Co-Authored-By: Claude Opus 4.7 (1M context) <noreply@anthropic.com>
Signed-off-by: Daniel Noland <daniel@githedgehog.com>
Sweeps `std::sync` / `std::thread` / `arc_swap::ArcSwapOption` usage
in the hot data-path crates to `concurrency::*`. The migrated code is
now model-checkable: switch `dataplane-concurrency` to `--features
loom` or `--features shuttle*` and the same source paths exercise
under the chosen scheduler.
`net`:
* `flows::flow_info` -- atomics (`AtomicI64`/`AtomicU8`) onto
`concurrency::sync::atomic`.
* `flows::display`, `packet::stats`, `flows::atomic_instant` -- same.
`nat`:
* `common`, `portfw::nf`, `portfw::portfwtable::{objects,
portforwarder}`, `icmp_handler::nf` -- `Arc`/`Weak`/atomics onto
the facade.
* `stateful::apalloc::test_alloc` -- the `#[concurrency_mode(shuttle)]`
smoke test was importing `shuttle::sync::{Arc, Mutex}` directly;
now uses `concurrency::sync::{Arc, Mutex}` and `concurrency::thread`
via the facade. The `parking_lot`-shaped lock returns naked guards,
so `.lock().unwrap()` collapses to `.lock()`.

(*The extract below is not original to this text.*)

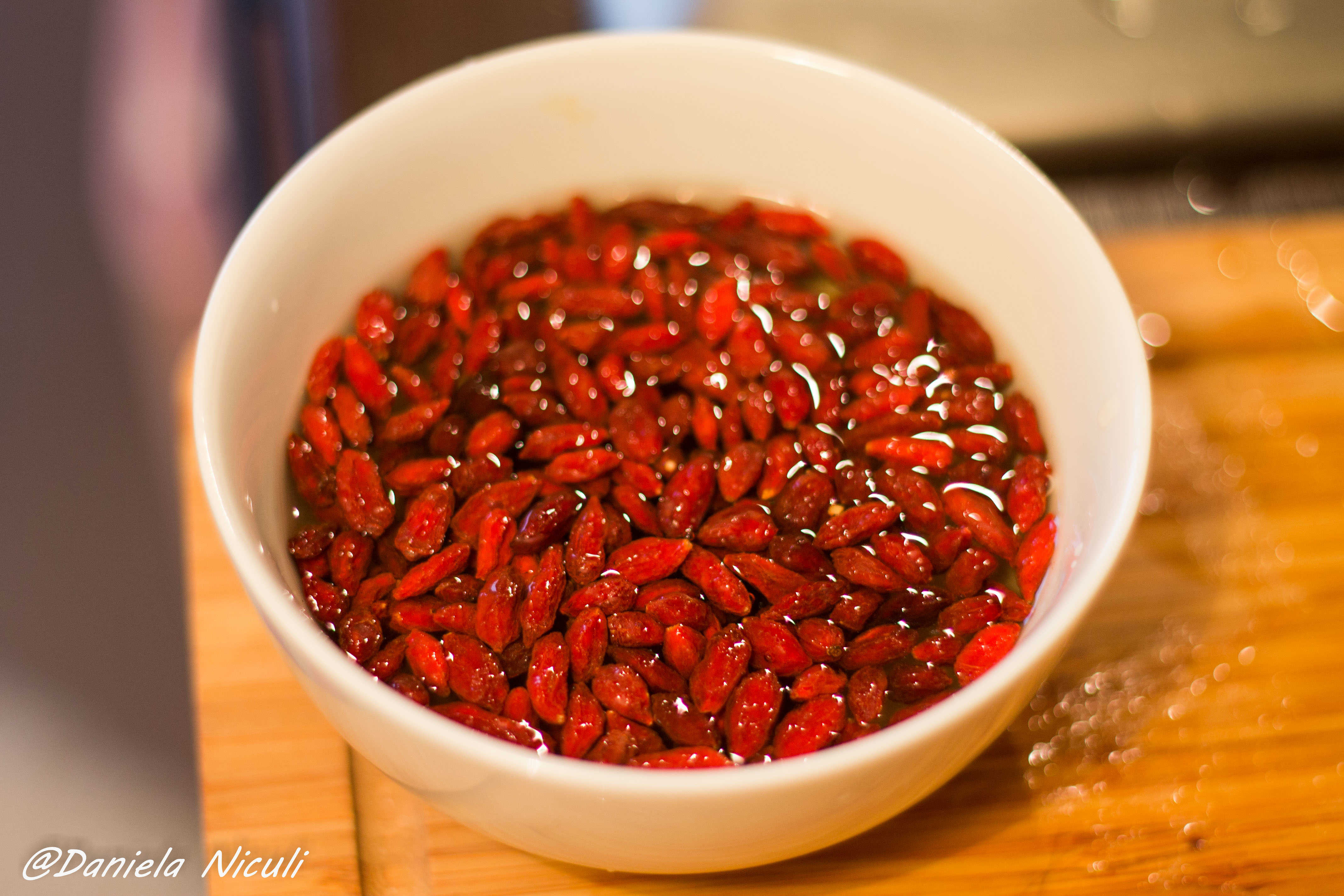 Pasul 1. Punem fructele goji la inmuiat intr-o cantitate de apa atat cat sa le acopere.

* `stateful::allocator_writer` -- `Arc<ArcSwapOption<NatAllocator>>`
becomes `Arc<SlotOption<NatAllocator>>`. `NatAllocatorReader::inner`
returns the `SlotOption` for `CliDataProvider` consumption.
`pipeline`:
* `pipeline`, `static_nf`, `sample_nfs` -- atomics + Arc routed
through the facade.
* `sample_nfs::PacketDumper` -- `filter: ArcSwapOption<...>` becomes
`filter: SlotOption<...>`.
* `Cargo.toml` -- swaps `arc-swap` for `concurrency`; the migration
fully covers the prior `arc_swap` call sites, so the direct dep
is no longer needed.
`routing`:
* `atable::resolver` -- atomics + `std::thread::spawn`/`JoinHandle`
via `concurrency::thread`.
* `fib::fibtable` -- `Arc` via the facade.
`concurrency` (own tests):
* `tests/quiescent_protocol.rs` and `tests/quiescent_properties.rs`
now use `dataplane_concurrency::sync` / `::thread` for consistency
with the rest of the crate.
The drop-recording slot in the quiescent loom test stays on
`std::sync::Mutex` deliberately (its existing comment explains the
model checker doesn't need to model contention on it).
Co-Authored-By: Claude Opus 4.7 (1M context) <noreply@anthropic.com>
Signed-off-by: Daniel Noland <daniel@githedgehog.com>
f0de528 to
32f90ca
Compare
Prep for DPDK thread rework.
I'm trying to organize the concurrency crate. I should have absorbed quiescent into it in the first place.